------ Dataset excerpt
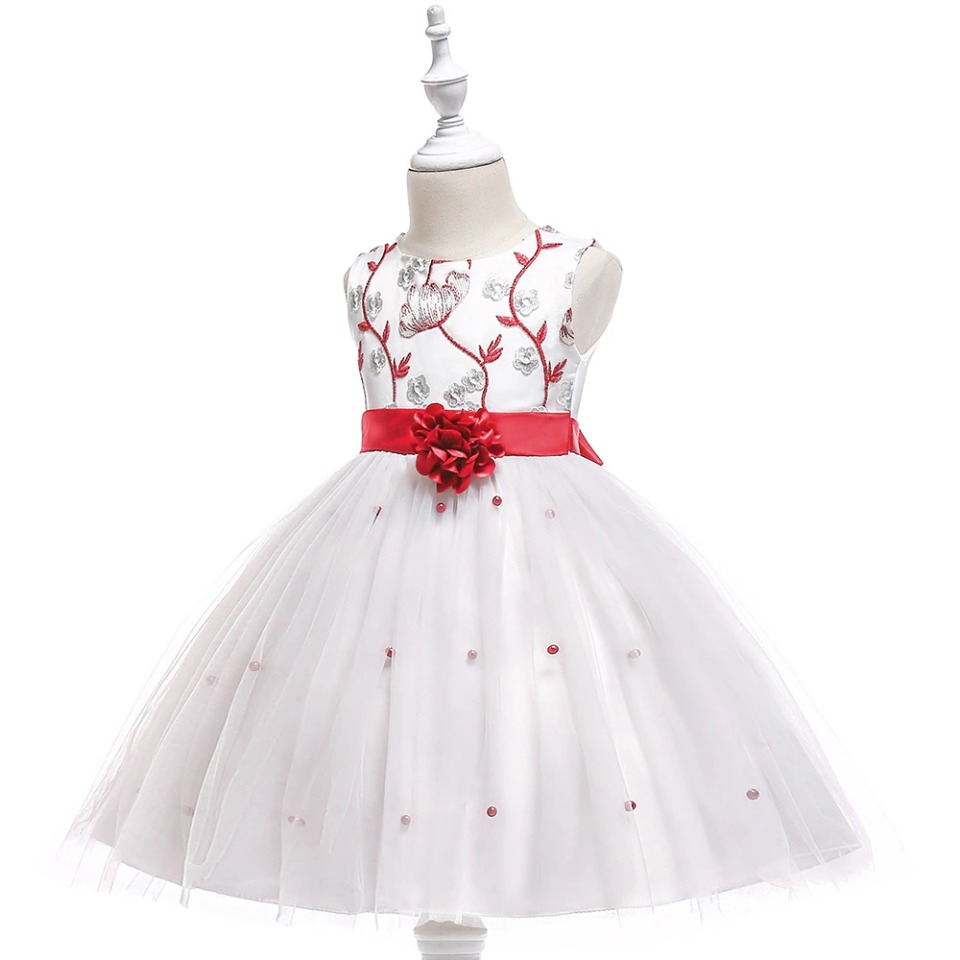 Offrez à votre fillette une robe de rêve pour son anniversaire avec cette robe princesse sans manches, brodée et en voile doublé.
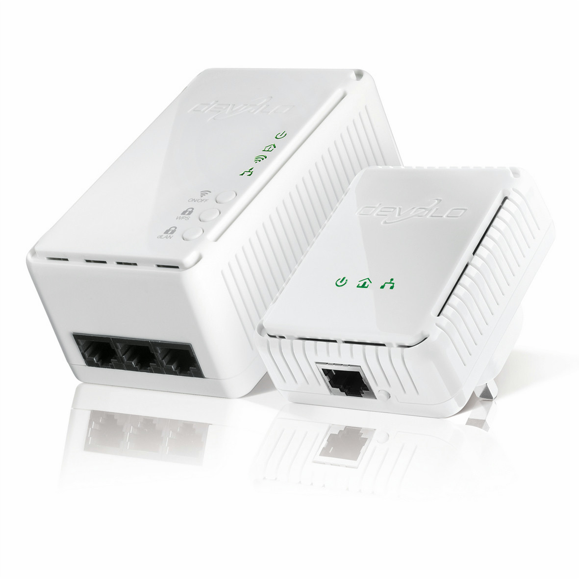 Devolo dLAN 200 AV Wireless N Starter Kit. Übertragungstechnik: Verkabelt, Hostschnittstelle: RJ-45, Schnittstelle: WLAN. Datenübertragungsrate (Maximum): 200 Mbit/s, Bandbreite: 2,4 GHz. Netzstandard: IEEE 802.11b,IEEE 802.11g,IEEE 802.11n,IEEE 802.3,IEEE 802.3u,IEEE 802.3x, Modulation: BPSK,QPSK, Maximaler Betriebsabstand: 300 m. Datenübertragungsgeschwindigkeit WLAN: 300 Mbit/s. Stromverbrauch (typisch): 7 W
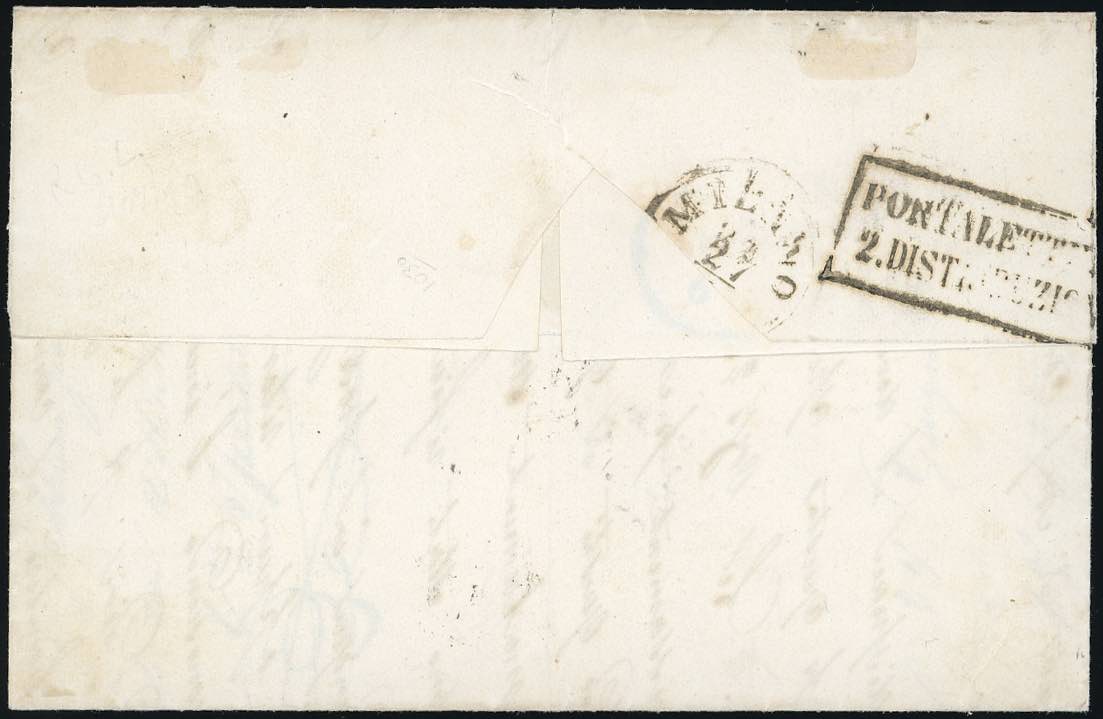 1855 - 8 baj bianco, falso per posta di Bologna, I tipo, otto filetti (F4), perfetto, su lettera da Bologna 26/6/1855 a Milano. Splendida e ... Leggi tutto
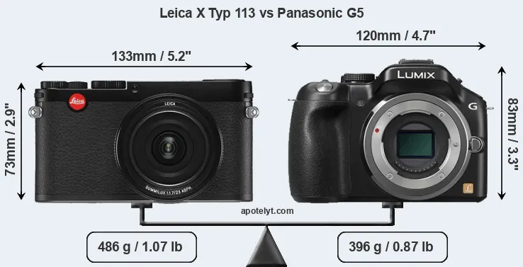 If the front view area (width x height) of the cameras is taken as an aggregate measure of their size, the Panasonic G5 is somewhat larger (3 percent) than the Leica X Typ 113. In this context, it is worth noting that neither the X Typ 113 nor the G5 are weather-sealed.
------------
Please write out exactly the lines from the one holding "Devolo dLAN 200" through the last line of the material above, both included, as a copy without pictures.

 Devolo dLAN 200 AV Wireless N Starter Kit. Übertragungstechnik: Verkabelt, Hostschnittstelle: RJ-45, Schnittstelle: WLAN. Datenübertragungsrate (Maximum): 200 Mbit/s, Bandbreite: 2,4 GHz. Netzstandard: IEEE 802.11b,IEEE 802.11g,IEEE 802.11n,IEEE 802.3,IEEE 802.3u,IEEE 802.3x, Modulation: BPSK,QPSK, Maximaler Betriebsabstand: 300 m. Datenübertragungsgeschwindigkeit WLAN: 300 Mbit/s. Stromverbrauch (typisch): 7 W
 1855 - 8 baj bianco, falso per posta di Bologna, I tipo, otto filetti (F4), perfetto, su lettera da Bologna 26/6/1855 a Milano. Splendida e ... Leggi tutto
 If the front view area (width x height) of the cameras is taken as an aggregate measure of their size, the Panasonic G5 is somewhat larger (3 percent) than the Leica X Typ 113. In this context, it is worth noting that neither the X Typ 113 nor the G5 are weather-sealed.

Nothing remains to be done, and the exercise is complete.